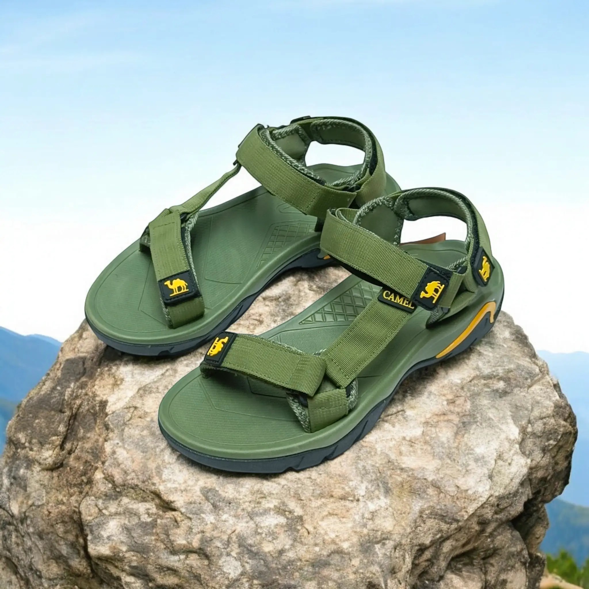 GreenColor Camel Men’s ThreeStrep Sandals
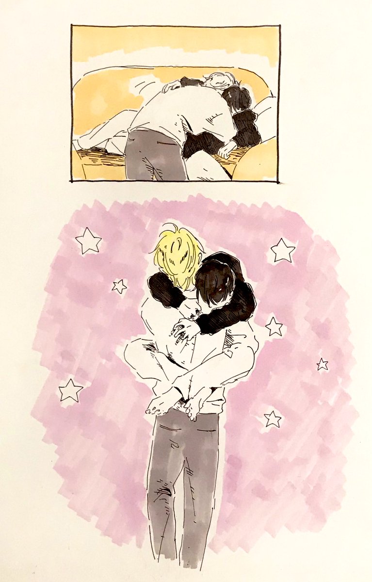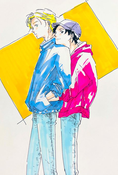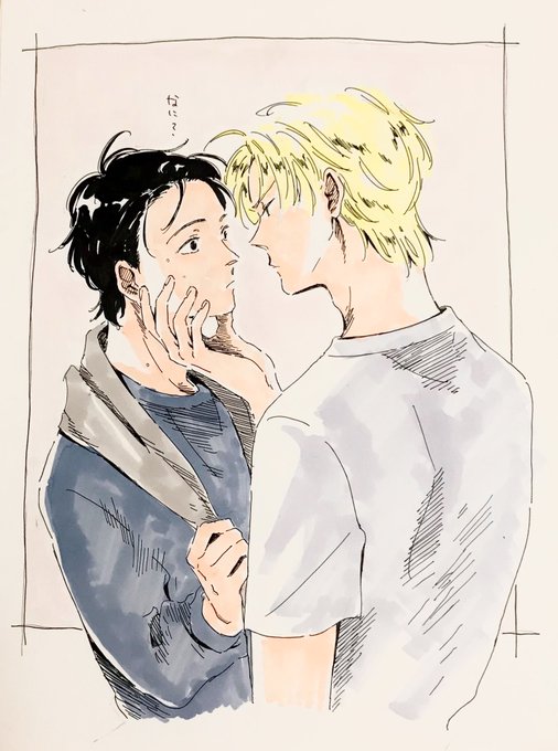「英ちゃんの顔を掴んでじっと見るアッシュが描きたい」という気持ちだけで仕上げたやつ。 #BANANAFISH #バナナフィッシュ
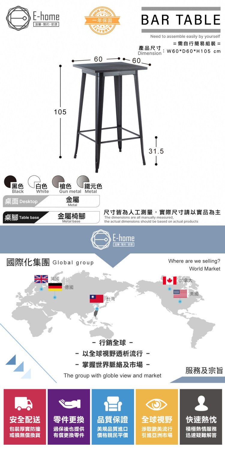 E-home Dale黛爾工業風金屬方形吧台桌-幅60cm-四色可選
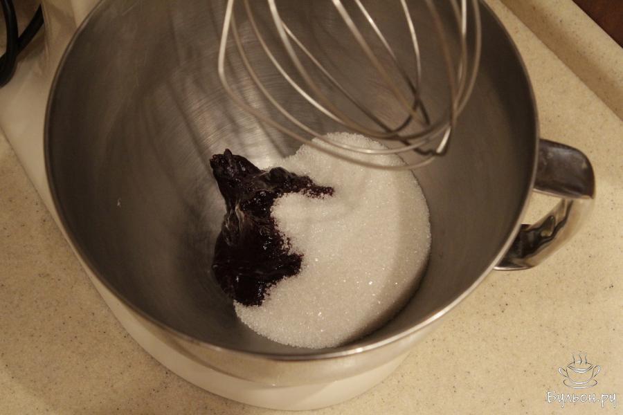 4. В чашу миксера переложить 150 грамм готового пюре, 130 грамм сахара и один белок комнатной температуры.
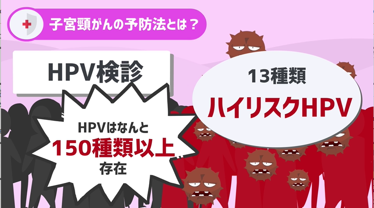 HPVはなんと150種類以上も存在するのですが、その中で子宮頸がんを起こしやすいのが13種類おりまして、こいつらを「ハイリスクHPV」と呼びます。
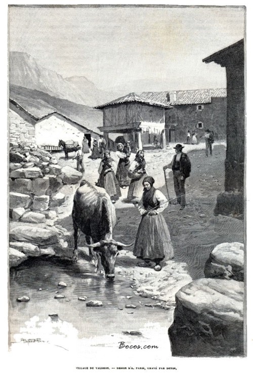 La meseta de Valdeón tiene casi la misma frescura que la Liébana aunque más altura. Anchos caminos la atraviesan en todos los sentidos, bonitos carros tallados la recorren, la población es alegre, parece contenta y vive bien, a pesar de la ausencia de cualquier médico en un número indeterminado de leguas a la redonda, y la ronda se hace entre montañas elevadas.
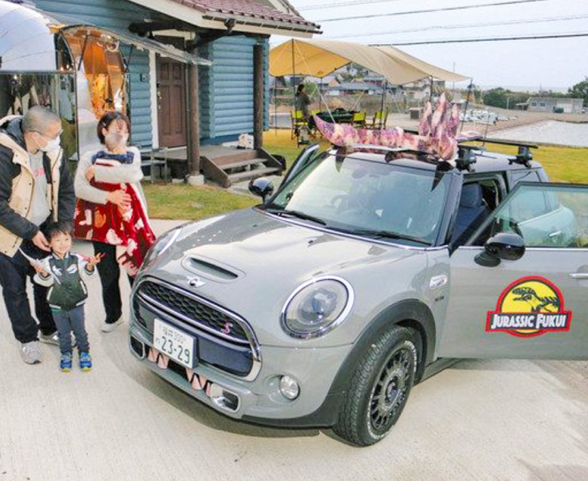 電車やバスに続き恐竜をテーマにした新たな交通手段が、県内に誕生しそうだ。北陸新幹線県内延伸を見据え、外観を装飾した「恐竜レンタカー」を使った旅行プランの開発が進んでいる。来年度の商品化を目指して22、23の両日、モニターツアーが行われ、坂井市の宿泊施設では車両が報道陣に公開された。(畑明日香)
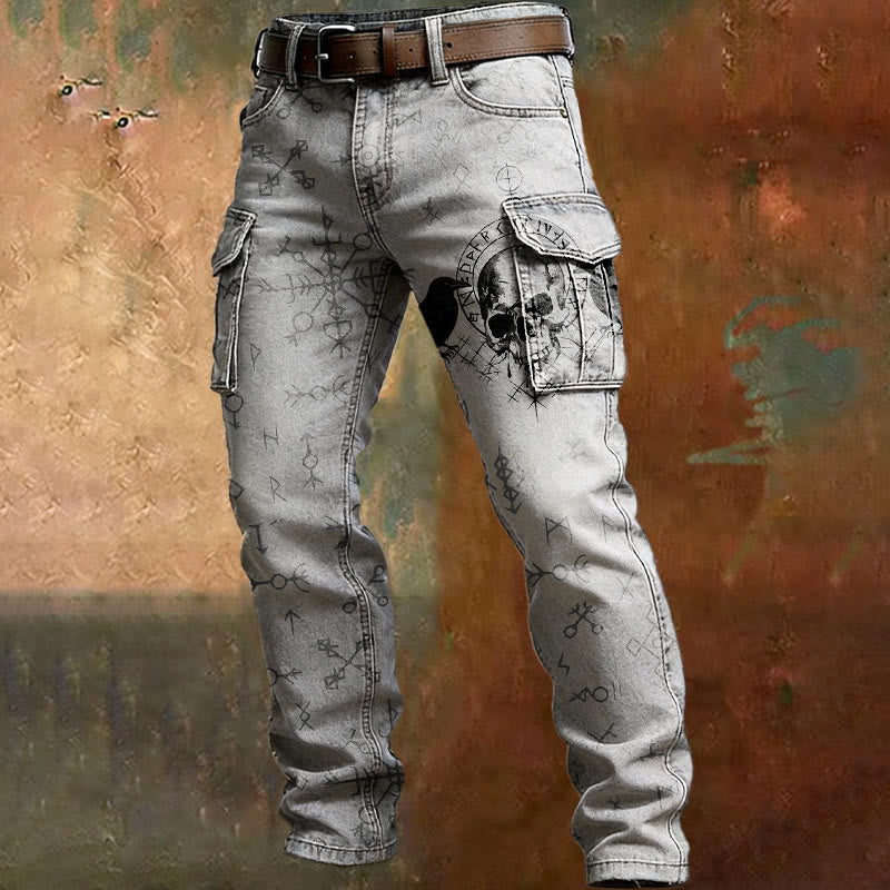 WorldNorse Viking Raven Skull Cargo Pants - White - US/UK/AU50,EU60 (5XL) - image 0
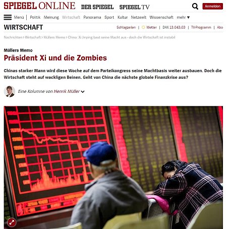 《明鏡在線》(spiegel.de)刊出的《習主席與「殭屍」》(Präsident Xi und die Zombies)的評論文章,是由資深記者、專欄作家Henrik Müller所撰寫。

━━━━

» **What to do**:
Copy out the material word for word, without any images.

» **The completed task**:
 GreenColor Camel Men’s ThreeStrep Sandals
「英ちゃんの顔を掴んでじっと見るアッシュが描きたい」という気持ちだけで仕上げたやつ。 #BANANAFISH #バナナフィッシュ
 E-home Dale黛爾工業風金屬方形吧台桌-幅60cm-四色可選
 4. В чашу миксера переложить 150 грамм готового пюре, 130 грамм сахара и один белок комнатной температуры.
 HPVはなんと150種類以上も存在するのですが、その中で子宮頸がんを起こしやすいのが13種類おりまして、こいつらを「ハイリスクHPV」と呼びます。
 La meseta de Valdeón tiene casi la misma frescura que la Liébana aunque más altura. Anchos caminos la atraviesan en todos los sentidos, bonitos carros tallados la recorren, la población es alegre, parece contenta y vive bien, a pesar de la ausencia de cualquier médico en un número indeterminado de leguas a la redonda, y la ronda se hace entre montañas elevadas.
 電車やバスに続き恐竜をテーマにした新たな交通手段が、県内に誕生しそうだ。北陸新幹線県内延伸を見据え、外観を装飾した「恐竜レンタカー」を使った旅行プランの開発が進んでいる。来年度の商品化を目指して22、23の両日、モニターツアーが行われ、坂井市の宿泊施設では車両が報道陣に公開された。(畑明日香)
 WorldNorse Viking Raven Skull Cargo Pants - White - US/UK/AU50,EU60 (5XL) - image 0
 《明鏡在線》(spiegel.de)刊出的《習主席與「殭屍」》(Präsident Xi und die Zombies)的評論文章,是由資深記者、專欄作家Henrik Müller所撰寫。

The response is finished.